December 26 was extremely wet. The skyscrapers were wrapped in a mist of rain and all their lovely reflective surfaces were opaque and grey. We got a Metro card and braved the subway. Of course we found it difficult at first – the interconnecting lines, in particular, which are not named as in London and Paris, but numbered, were confusing to us, but Dónall did a brilliant job of navigation
and we began to feel like old hands by the end of the day. We collected a lot of images from the walls of the stations, which have mosaic motifs and numbers that must date from the system’s opening at the beginning of the last century. I was charmed by the rows of wooden seats that stand on the platforms, too – basic, sturdy and rather comfortable, they look like relics from the past and are still doing the job they’re designed for. In general, the tunnels’ unadorned and peeling girders looked forbidding and we felt we’d rather not be found travelling alone on the less frequented stations at night.

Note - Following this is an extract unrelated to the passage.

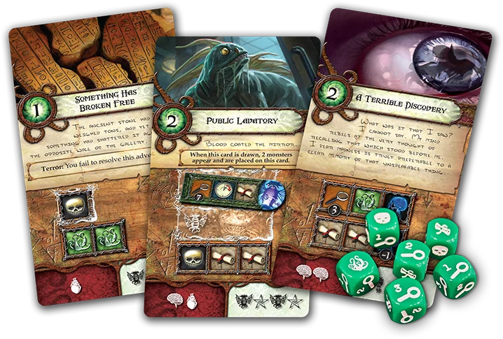 Elder Sign is a fast-paced, cooperative dice game of supernatural intrigue for one to eight players by Richard Launius and Kevin Wilson, the designers of Arkham Horror. Armed with tools, allies, and occult knowledge, investigators must put their sanity and stamina to the test as they adventure to locate Elder Signs, the eldritch symbols used to seal away the Ancient Ones and win the game.
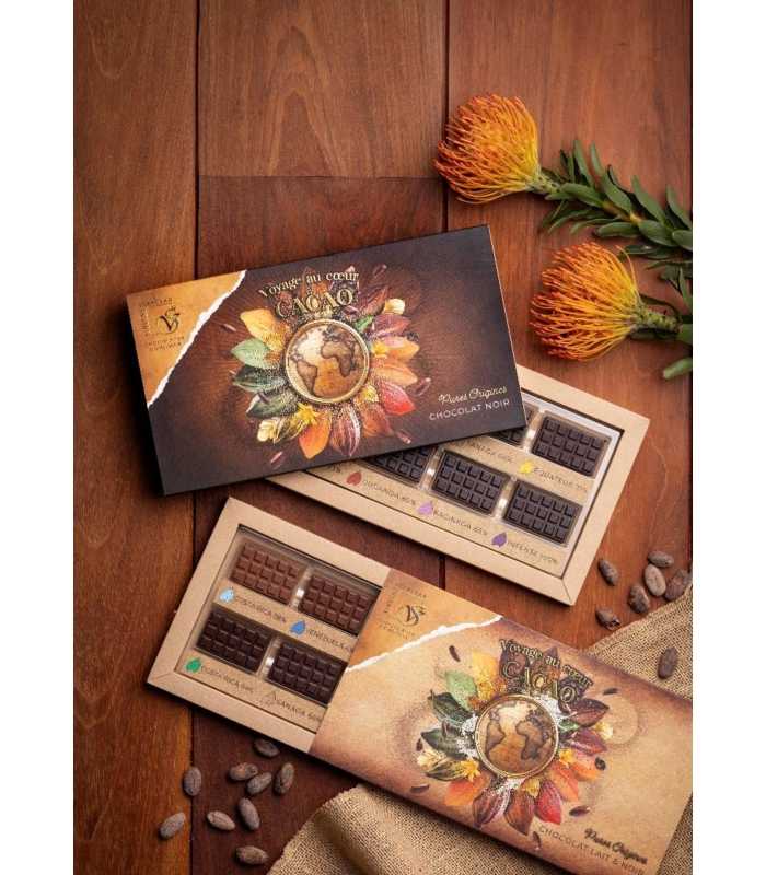 - Coffret de 8 origines ( 4 origines laits et 4 origines noires)

Finding ourselves at the Lincoln Center that wet Boxing Night, we bought excellent seats at the performance of “South Pacific” by Rogers and Hammerstein that evening. I’d never seen it on the stage before. It was a lively, colourful performance with a beautifully deep set. And the following evening we already had balcony seats for “Song and Dance” by Sondheim, which we saw in London earlier this year. It was the same Trevor Nunn production but this time starred Angela Lansbury as the Countess and Catherin Zeta Jones as Desirée. Angela Lansbury, especially, was brilliant.
The weather changed back to sunny after 26th. It was milder, too. We found the Frick Museum on 27th – a lovely place created by a man who seems to have been far from charming himself. The paintings he collected by Whistler (elegant society portraits), Holbein (a searing virtuoso portrait of Sir Thomas Moore is unforgettable), Rembrandt (his last and greatest self portrait and “The Polish Rider” stick in my memory above all) Van Eycks, Vermeers and Impressionists – housed in an elegant mansion off Fifth Avenue.
Finally, on 27th, we even managed some retail therapy and dived into Macy’s instead of joining the two-hour queue to go up the Empire State building – that experience will have to wait until we go back to New York at a less crowded season.
But we do fancy New Year in New York, next year.